What Is Epoxy Laser Removal?
Definition
Epoxy laser removal is the process of removing epoxy coatings from a surface with a laser beam. This method enables eco-friendly, fast, and precise cleaning of epoxy paints and coatings commonly used in industry.
Working Principle
The laser beam lifts the epoxy layer with micron-level precision. Controlled ablation occurs on the surface, making the underlying material (metal, plastic, ceramic, etc.) visible.
Advantages of Epoxy Laser Removal
No Chemicals Required
Instead of solvents and abrasive chemicals used in traditional coating removal methods, processing is done with a laser.
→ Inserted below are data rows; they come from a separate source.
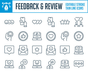 Feedback, Testimonials and Review thin line icons. Customer service and Client satisfaction outline icon set. Editable stroke icons.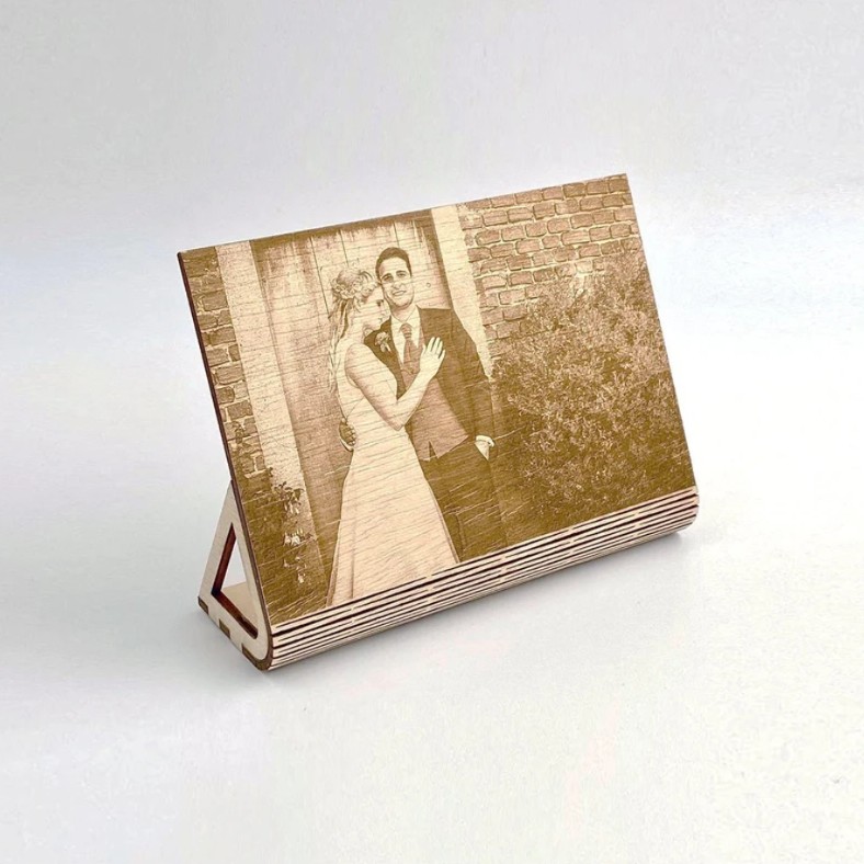 Elegantni drveni prikaz fotografija s modernim zakrivljenim okvirom. Dizajnirano za brzu i jednostavnu montažu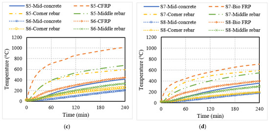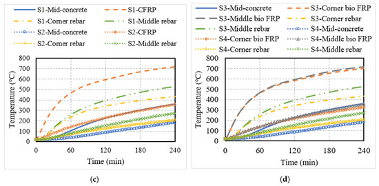 Thermal response of RC members strengthened with conventional or bio-based EB FRP reinforcement. (a) EB CFRP-strengthened T-beam; (b) EB bio-based FRP-strengthened T-beam; (c) EB CFRP-strengthened slab; (d) EB bio-based FRP-strengthened slab.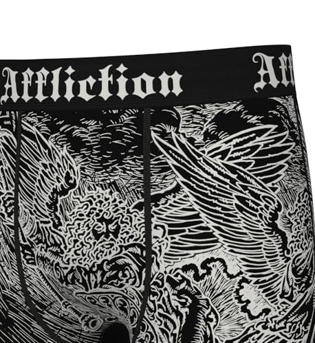 HOT ! Affliction Men's Boxer Briefs, Black with Gothic Wing Art Print Design, Performance Athletic Underwear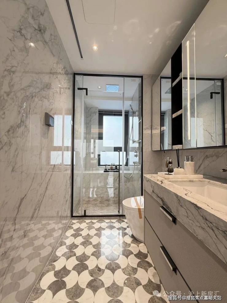 奢侈的空间感不仅体现在面积上,更在于 精心的设计、优质的材料与细腻的细节。在海上·清和玺精心的设计、优质的材料以及细腻的细节,才是真正的奢侈所在。就拿通室来说, 奢石、奢板、奢皮、奢镜的混合搭配,简直是一场视觉的盛宴,一站式满足了改善客群对于品质的极致追求。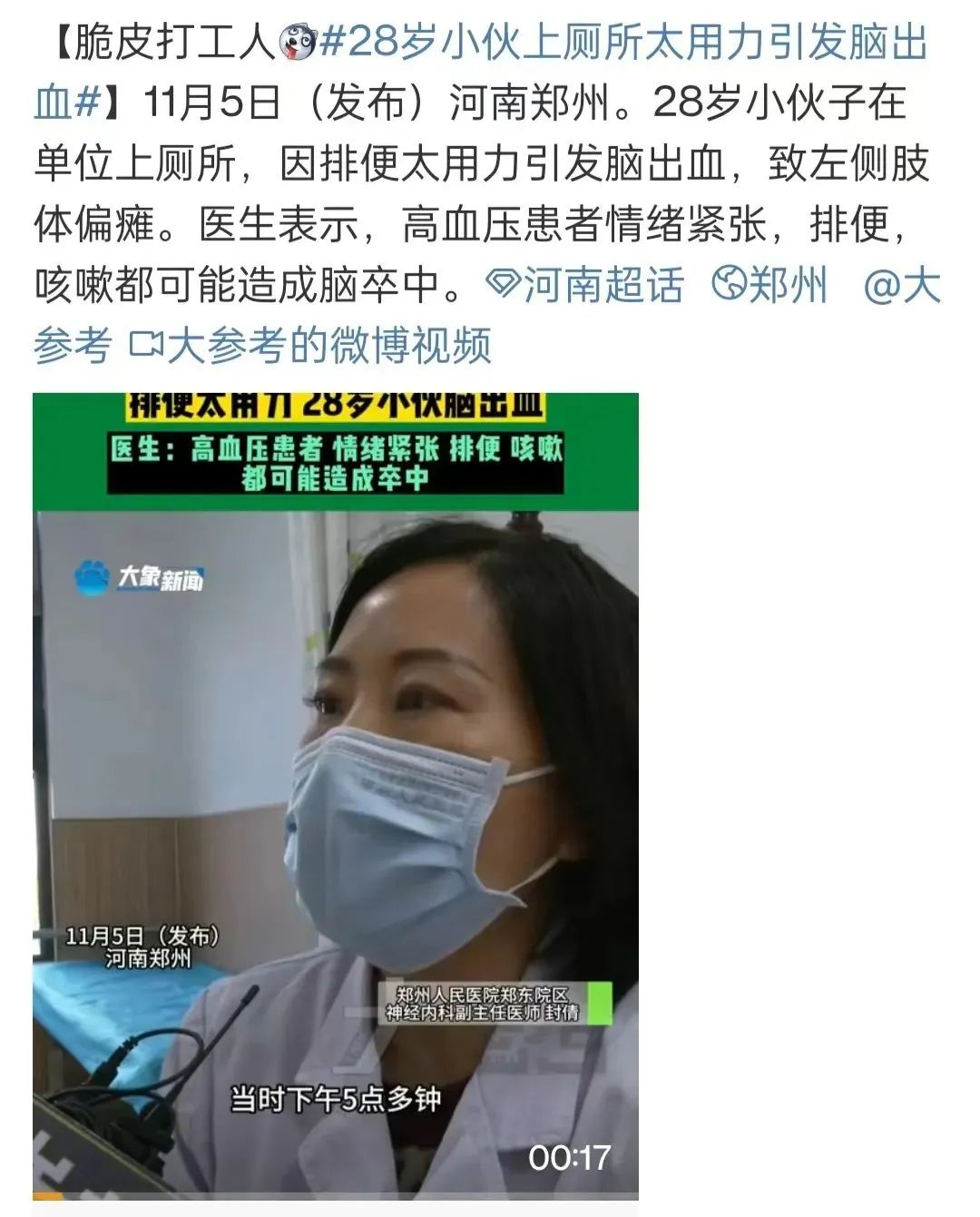 2023年11月,河南郑州一28岁小伙子在单位上厕所,因排便太用力引发脑出血,致左侧肢体偏瘫。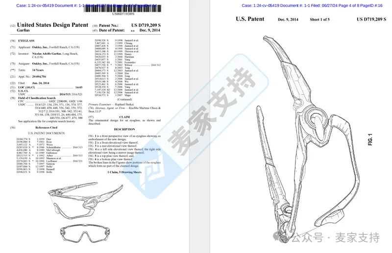24-cv-05419,GBC律所代理Oakley欧克利专利维权再度来袭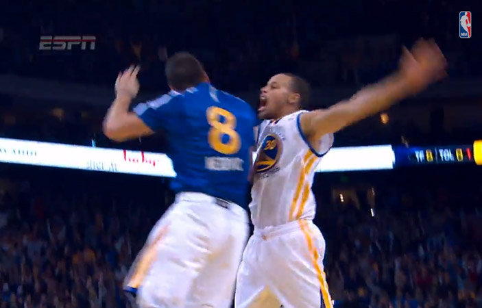 NBA Stephen Curry sendir óvart alley-oop á Andrew Bogut Það er ekki oft sem menn eiga óvart stoðsendingu. admin6. janúar 2014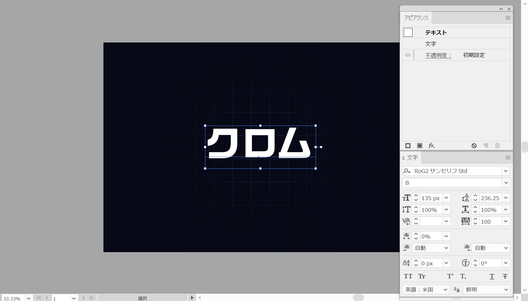文字ツール(T)をピックして文字パネル(ウィンドウ>文字>文字)を開きます。「Bauhaus93」フォント(または好みの太字フォント)を選択し、サイズを135pxに、トラッキングを100に設定します。アートボードをクリックし、「CHROME」とテキストを追加して白(#ffffff)にします。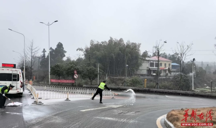 1月19日至20日,应对雨雪冰冻,长沙市交通运输综合行政执法支队24小时不间断巡查重点路段、桥梁、高速路口、客运站场,扬撒工业盐,提醒安全驾驶。(供图:何燕辉)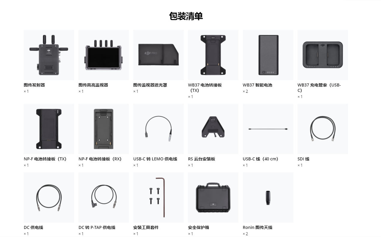 传输方面,DJI Transmission提供控制、广播两种模式,在控制模式下,最多可同时连接两个DJI图传高亮监视器,支持同时监看画面并协同控制Ronin 2、RS 3 Pro的云台及相机焦点,兼容支持输出SDI、HDMI信号的设备。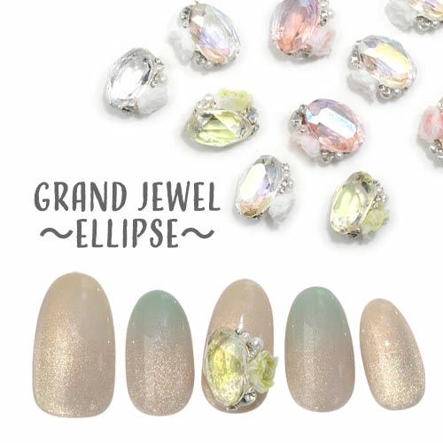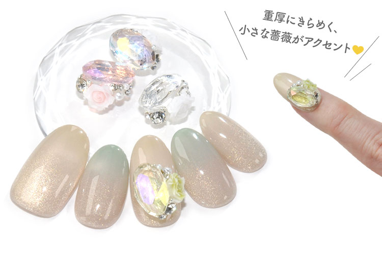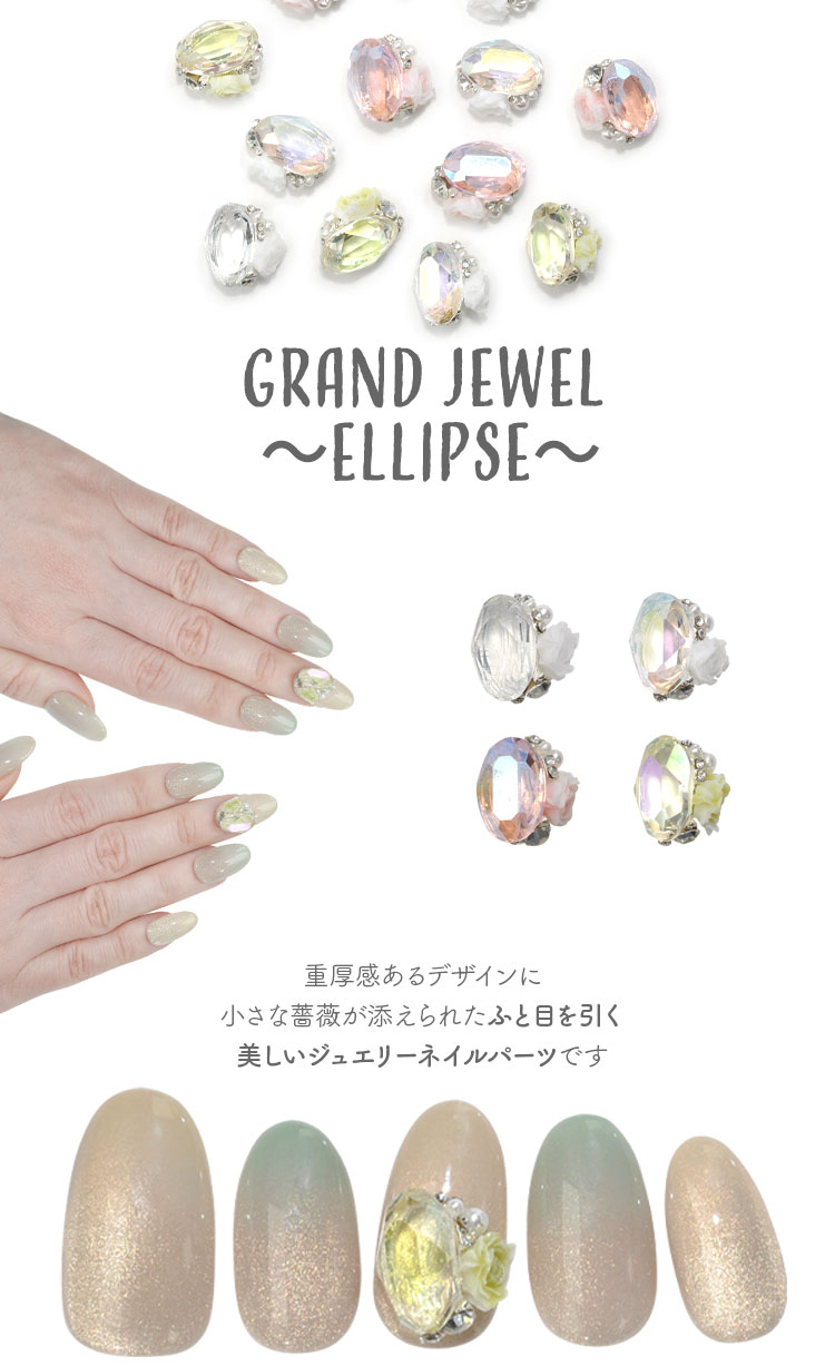 Grand Jewel 〜ellipse〜 薔薇の余韻重厚感あるデザインに、ストーンと小さな薔薇が添えられたふと目を引く美しいネイルパーツです。 ハード&フェミニンを両立する、他にはないネイルパーツです 重厚にきらめく、小さな薔薇がアクセント |

Thus, no harm is caused to the environment.
Precision
The laser beam affects only the targeted areas, so the rest of the surface remains undamaged.
Durable and Reliable Solution
When the epoxy coating is completely removed, a clean surface is obtained for recoating or marking.
Low Cost and Efficiency
Since there is no need for chemicals, sanding, or abrasives, maintenance costs decrease and processing time shortens.
Applications
Automotive Industry
Epoxy-coated metal parts are laser-cleaned and prepared for repainting or marking.
Electronics and PCB Production
The laser removal method is used to open specific regions on epoxy-coated circuit boards.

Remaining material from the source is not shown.